**ABOUT THIS EXERCISE**
The part below that opens with the line containing "Какви са коментарите" and closes with the line containing "Ecooking Multi Oil" should be copied exactly, minus any pictures.
━━━━━━━━━━━━━━━━━━━━━━━━━━━━━━
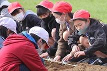 今日の2校時に5年生がジャガイモの植え付けを行いました。ボランティアの皆さんが昨日から整地してくださった学校農園で、植え付け方を教えてもらいながら実施しました。空気はやや冷たいものの気持ちの良い春の日差しの中で、久しぶりに屋外で土とふれ合う活動をすることができて、子どもたちはとてもうれしそうでした。
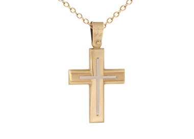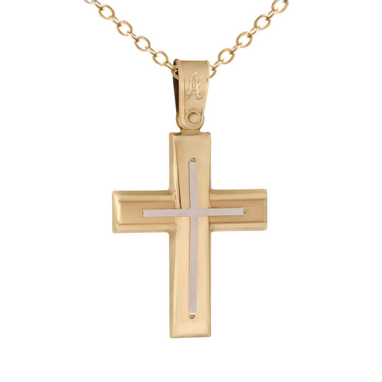 Σταυρός βάπτισης ανδρικός δίχρωμος με λεπτομέρεια σταυρού σε λευκό χρώμα και λούστρε ματ φινίρισμα
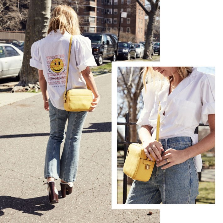 Какви са коментарите относно съчетаването на червени сандали, тъмносин панталон и риза в цвят лайм?
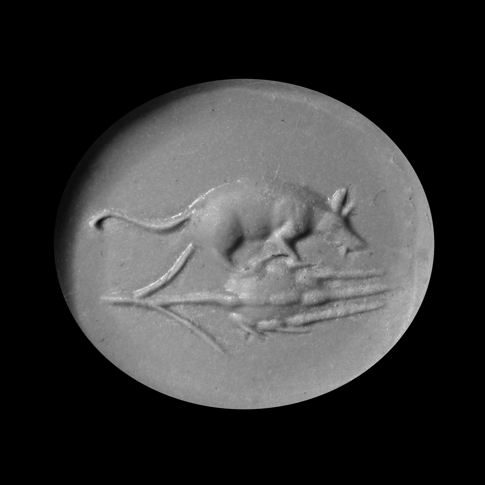A Greek scaraboid seal from a dark grey/brown stone with white inclusions. The seal shows a mouse or rat on a corn sprig.
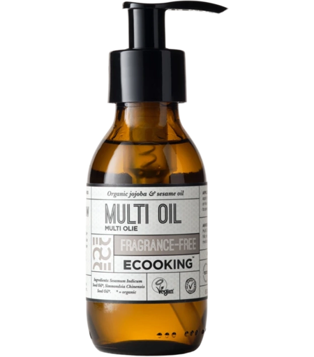 Ecooking Multi Oil Fragrance Free er et multiprodukt, som består af en blanding af unikke, multifunktionelle og økologiske olier. Brug Multi Olie til fx: Kropsolie, som påføres på fugtig hud efter bad Afrensning af huden Makeupfjerner Barbering til både mænd og kvinder Intimbarbering Hårkur Kur mod tør og skællet hovedbund Massageolie Fodbad og karbad Neglebåndspleje Multi Olie indeholder bl.a. økologisk jojobaolie og økologisk sesamolie Fordele: Multiolie Flere anvendelses muligheder Beriget med økologiske olier Vegansk og dermatologisk testet AllergyCertified, parfumefri, vegansk og dermatologisk testet Anvendelse: Påfør altid på fugtig hud, hår eller skæg da vand hjælper olien med at trænge bedre ind. Til hår eller skæg: Put 2-3 dråber i håndfladen og gnid hænderne sammen. Fordel olien i hårlængder og -spidser eller jævnt i skægget. Ved barbering: Fugt huden med lunkent vand og kom olien på det område du ønsker at barbere. Vent et øjeblik og lad olien trænge ind for at blødgøre hårene (1–5 minutter). Barber derefter normalt med en skraber. Herved undgår du indgroede hår skægpest samt tørre og dryssende skinneben. Efter barbering smøres området med en smule olie. Ingrediensliste: Sesamum Indicum Seed Oil, Simmondsia Chinensis Seed Oil ...
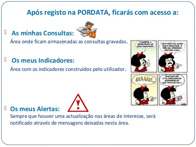 14. 14. Após registo na PORDATA, ficarás com acesso a:  As minhas Consultas: Área onde ficam armazenadas as consultas gravadas.  Os meus Indicadores: Área com os indicadores construídos pelo utilizador.  Os meus Alertas: Sempre que houver uma actualização nas áreas de interesse, será notificado através de mensagens deixadas nesta área.
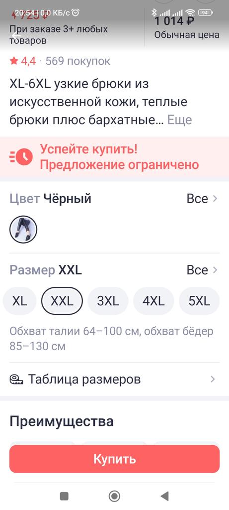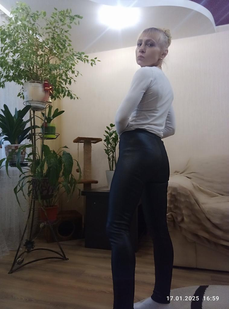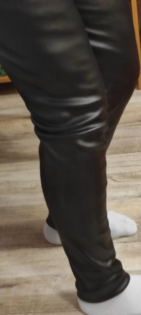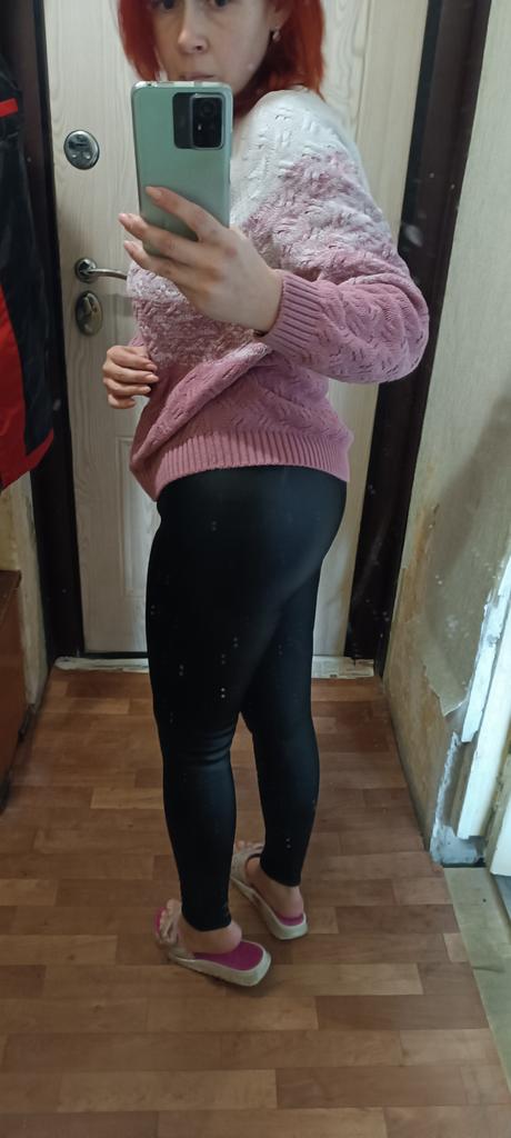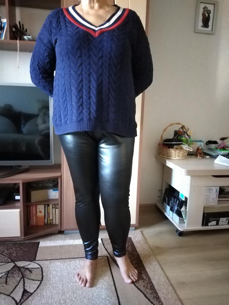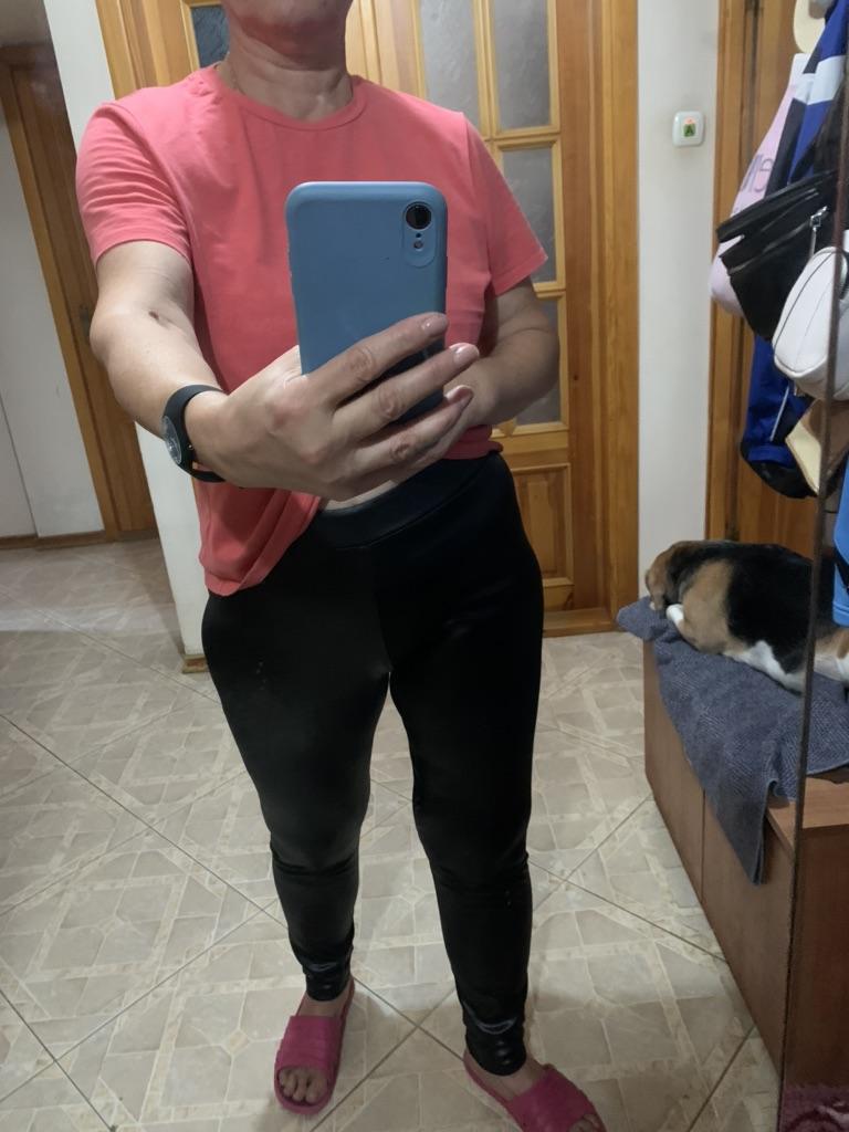 Probably the only good fleece-lined leggings, wide elastic waistband, outer part made of some artificial leather-like material, will probably peel and crack from washing, but overall, the price isn't high, and they look impressive, just right for size 60-62, thank you!
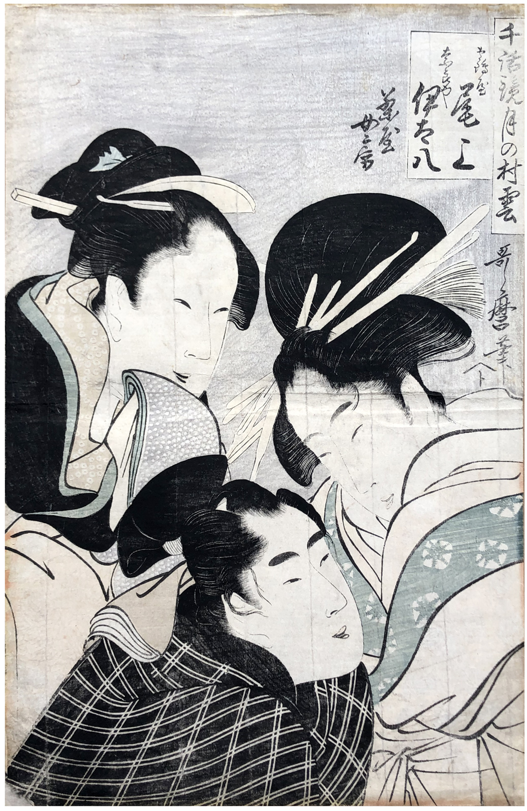 Woodblock Print Title: Tsuruya Onoe, Naraya Idahachi, and the Mistress of the Teahouse (Chaya nyobo), from the series Models of Love Talk: Clouds Form over the Moon (Chiwa kagami tsuki no murakumo)
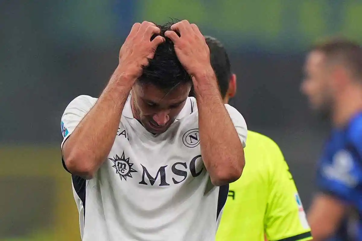 Simeone si dispera dopo una sconfitta del Napoli in campionato, stagione 2024/25
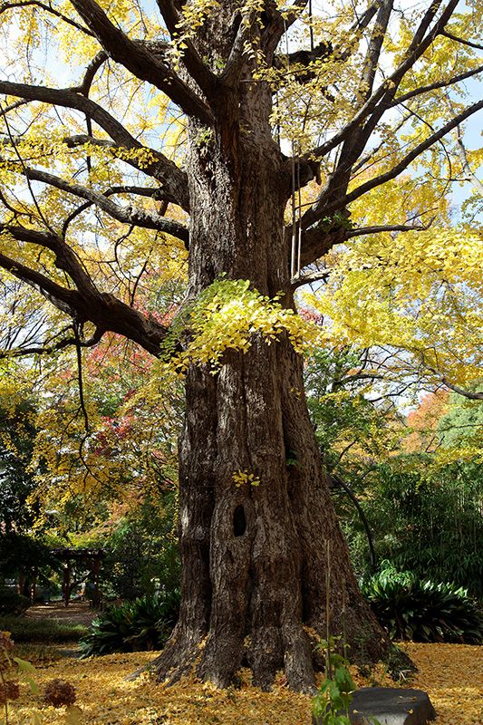 葉が色づく巨木で目につくのは、イチョウやケヤキ、サクラなどが中心となる。その中でも、きれいに色づく巨樹の代表はイチョウであろう。カツラの黄葉も雄大ではあるが、主に山奥に分布するため、なかなか人の目には触れずじまいだ。一方、人里を中心に植えられるイチョウは、街路樹や神社の御神木としてもおなじみで、日本人の多くが親近感を抱く木と言える。
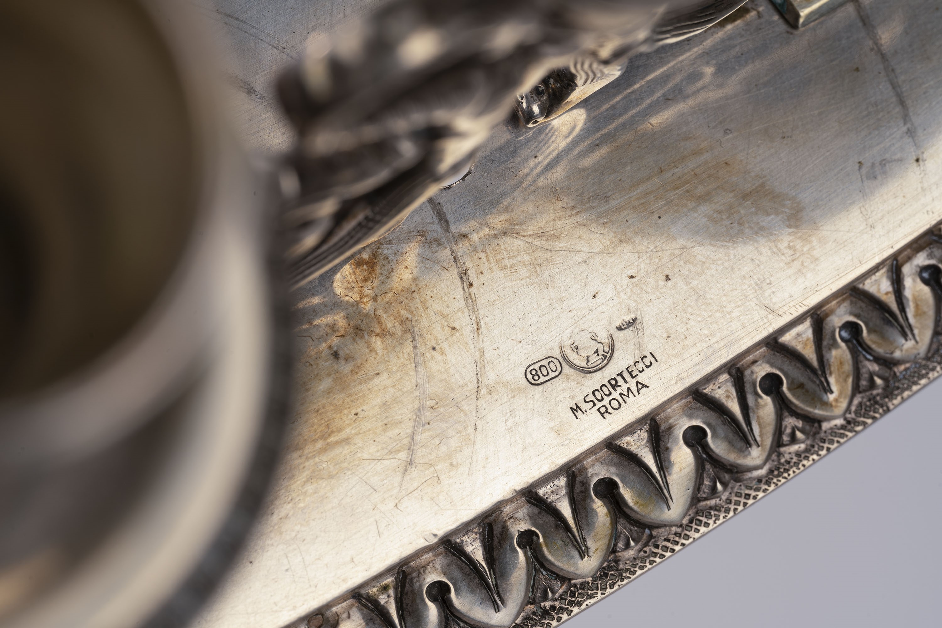 in argentoa quattro fiamme, base ovale, corpo decorato con motivili floreali, bracci a volute, centrato da vaso sorretto da cigni, le quattro bobeches con bordo a palmette, rivenditore M. Scortecci Roma.
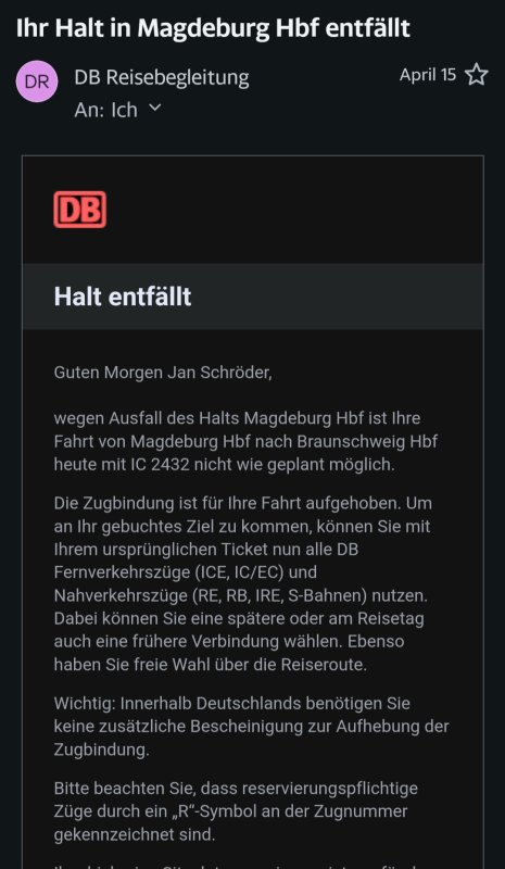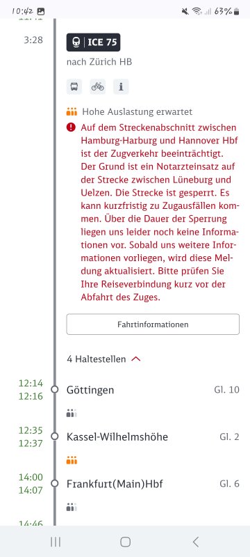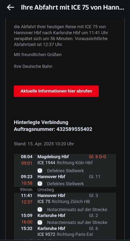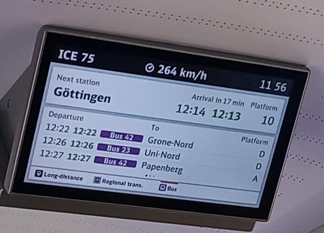 Und auch unsere Anzeigetafel zeigt den Ausfall an. Was nun? Sohn war schon weg, durch Baustellen auf A2 wäre Braunschweig nicht mehr pünktlich erreichbar, also auf Alternative Verbindung gedrückt.
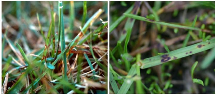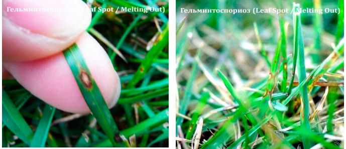 Проявляется в виде листовой пятнистости и разреживания травостоя. Вызывается возбудителями Drechslera poae и Bipolaris cynodontis, Bipolaris Sorokiniana (ранее наименование Helmintosporium). И если Bipolaris поражает многие виды трав, то Drechslera поражает исключительно мятлик. Но протекают они, как правило, вместе. Симптомы проявляются с мая по сентябрь, если в это время стоит теплая, влажная погода. Очевидное проявление когда температура начинает превышать 20°С, и с повышением температуры болезнь все более активизируется, наибольшая вредоносность при температурах выше 30°С и высокой влажности. В ранних стадиях проявляется сначала листовая пятнистость, в виде небольших точек на листьях коричневого, фиолетового или черного цвета, в дальнейшем пятно увеличивается, центр его приобретает желтую окраску с четко выраженной окантовкой коричневого или черного цветов. Вокруг окантовки может быть желтый ореол. По мере того как пятна расширяются, они начинают сливаться в единое целое, что приводит к отмиранию листа. Постепенно болезнь распространяется на все растение, вызывая его гибель, и как следствие разреживание травостоя. В тени, в условиях недостаточной освещенности, избыточной влажности и отсутствии проветривания может протекать особенно тяжело.
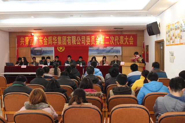 ----記廣東金輝華集團有限公司團委會圓滿完成換屆選舉工作2013年12月20日下午15時,隨著國際歌的歌聲響起,共青團廣東金輝華集團有限公司團委會第二次代表大會正式開幕。開平市團市委團務部辦公室主任譚煥燮、金輝華集團黨委書記張解矛、金輝華集團工會主席陳維民等領導和來自廣東金輝華集團有限公司各分公司的43名團員青年代表共同見證和參與了此次會議。本次大會選舉產生了我司第二屆團委領導班子。 會議主要
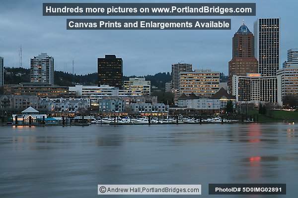 Riverplace and Portland Center Apartments, Willamette River, Dusk
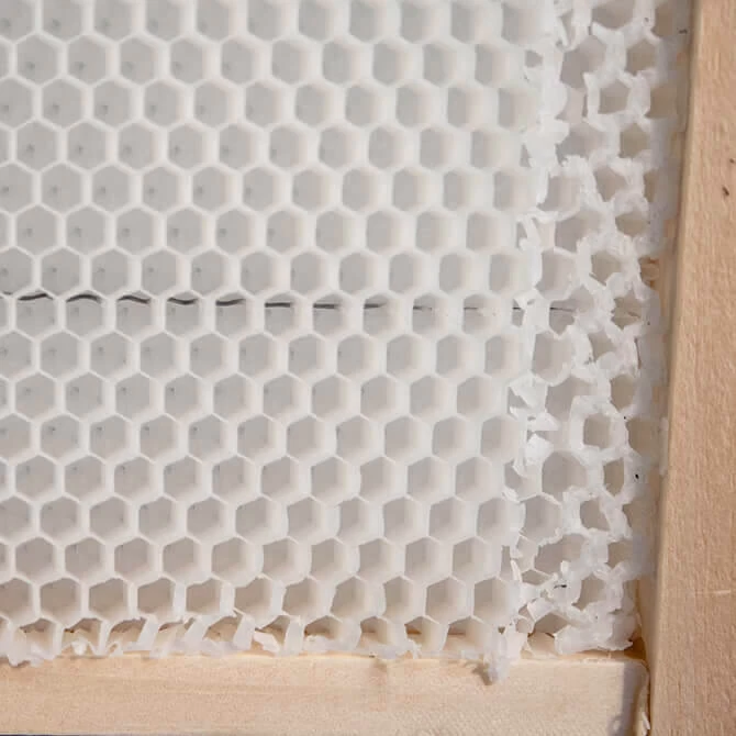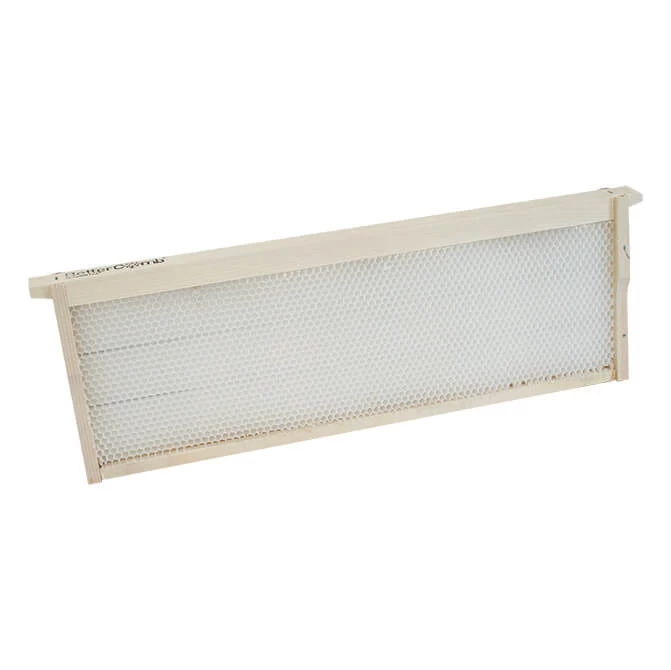 The holy grail of beekeeping: ready-to-use drawn frames! BetterComb is a completely drawn comb made of food-grade, virgin, synthetic wax, similar in composition to beeswax. Unlike regular foundation, BetterComb does not need to be drawn out by the bees. These pre-assembled and embedded BetterComb frames are ready to be installed in a hive. BetterComb provides bees instant access to space for brood or nectar without needing time and resources to draw out comb. BetterComb can significantly benefit both packages and nucleus colonies, as well as established hives.
━━━━━━━━━━━━━━━━━━━━━━━━━━━━━━
**SOLVED EXERCISE**
 Какви са коментарите относно съчетаването на червени сандали, тъмносин панталон и риза в цвят лайм?
A Greek scaraboid seal from a dark grey/brown stone with white inclusions. The seal shows a mouse or rat on a corn sprig.
 Ecooking Multi Oil Fragrance Free er et multiprodukt, som består af en blanding af unikke, multifunktionelle og økologiske olier. Brug Multi Olie til fx: Kropsolie, som påføres på fugtig hud efter bad Afrensning af huden Makeupfjerner Barbering til både mænd og kvinder Intimbarbering Hårkur Kur mod tør og skællet hovedbund Massageolie Fodbad og karbad Neglebåndspleje Multi Olie indeholder bl.a. økologisk jojobaolie og økologisk sesamolie Fordele: Multiolie Flere anvendelses muligheder Beriget med økologiske olier Vegansk og dermatologisk testet AllergyCertified, parfumefri, vegansk og dermatologisk testet Anvendelse: Påfør altid på fugtig hud, hår eller skæg da vand hjælper olien med at trænge bedre ind. Til hår eller skæg: Put 2-3 dråber i håndfladen og gnid hænderne sammen. Fordel olien i hårlængder og -spidser eller jævnt i skægget. Ved barbering: Fugt huden med lunkent vand og kom olien på det område du ønsker at barbere. Vent et øjeblik og lad olien trænge ind for at blødgøre hårene (1–5 minutter). Barber derefter normalt med en skraber. Herved undgår du indgroede hår skægpest samt tørre og dryssende skinneben. Efter barbering smøres området med en smule olie. Ingrediensliste: Sesamum Indicum Seed Oil, Simmondsia Chinensis Seed Oil ...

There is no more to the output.